BAKU, Azerbaijan, April 11. The imports’ impact on the exchange rate in Kazakhstan is due to generation of foreign currency demand by imports to pay for it, Azat Uskenbayev, director of the payment balance department at the country’s National Bank (NBK), said, Trend reports via the NBK’s press service.
“However, here it’s necessary to take into account the specifics of Kazakhstan, according to which some of the intermediate and investment imports are financed by foreign direct investments,” Uskenbayev noted. “Since these volumes do not pass through the domestic foreign exchange market, they don’t exert pressure on the tenge rate.”
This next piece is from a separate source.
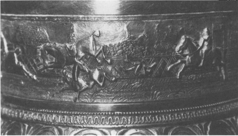
Fig. 1. Udsnit af den drevne frise omkring Slesvig-pokalen (side 18 nr. 3) med en episode, hvor en hest kaster sin rytter, hvorved også en anden falder af. Bag indhegningen ses tilskuere. En anden del af frisen viser dommertribune, telt m.m.

værdifulde og nødvendige i avlen for udvælgelsen af de rette dyr og for at animere avlerne til en indsats; dette slår han til lyd for i flere afhandlinger. De væddeløb hertugen årligt lod afholde ved Augustenborg tog efterhånden form og i 1827 indrettede han sig en ny bane. Væddeløb og auktion afholdtes i forbindelse med hertuginde Louise Sofies fødselsdag 22. sept. Der var ved den lejlighed foranstaltet forskellige festligheder. Adelige og andre hestesportsinteresserede fra hele Slesvig-Holsten deltog, og der sås også deltagere fra det øvrige Danmark og udlandet. Løbene strakte sig over 2 dage og var arrangeret for herrer (adelige og godsejere) og landboere hver for sig. Der blev redet om penge, sølvbægre, pokaler m.m. Af særlige løb må nævnes Caroline Amalie- , Christian August- , Louise- og Louise Augusta-løbet . Hver især af navngiverne til en konkurrence udsatte en pokal som præmie. Ingen steder var der så mange fornemme sølvpræmier som i Augustenborg , og de bidrog til at gøre væddeløbene dér ganske særligt festlige og tiltrækkende. Foruden den hjemlige aktivitet var hertugen virksom og arbejdede for udbredelsen af sin hobby flere andre steder i Hertugdømmerne , hvor han medvirkede ved at være

According to him, the demand for foreign currency in the domestic market is generated by that part of intermediate and investment imports, which is purchased through fiscal expenses and business funds not backed by foreign investments, as well as consumer imports.
“The import of intermediate and investment goods, given the efficiency of further use of such goods, is justified, since it contributes to the development of domestic production,” the bank’s representative said. “Meanwhile, in terms of consumer goods, we see opportunities for import substitution and, as a result, reducing pressure on the exchange rate.”
“Some relatively simple goods, with efficient and rational use of resources, can be produced domestically. Such goods, for example, include sugar, apples, cheeses, sausages, poultry meat, household chemicals, clothes and shoes. So, in 2021, significant volumes of consumer imports were one of the main factors in the increased demand for foreign currency,” Uskenbayev said.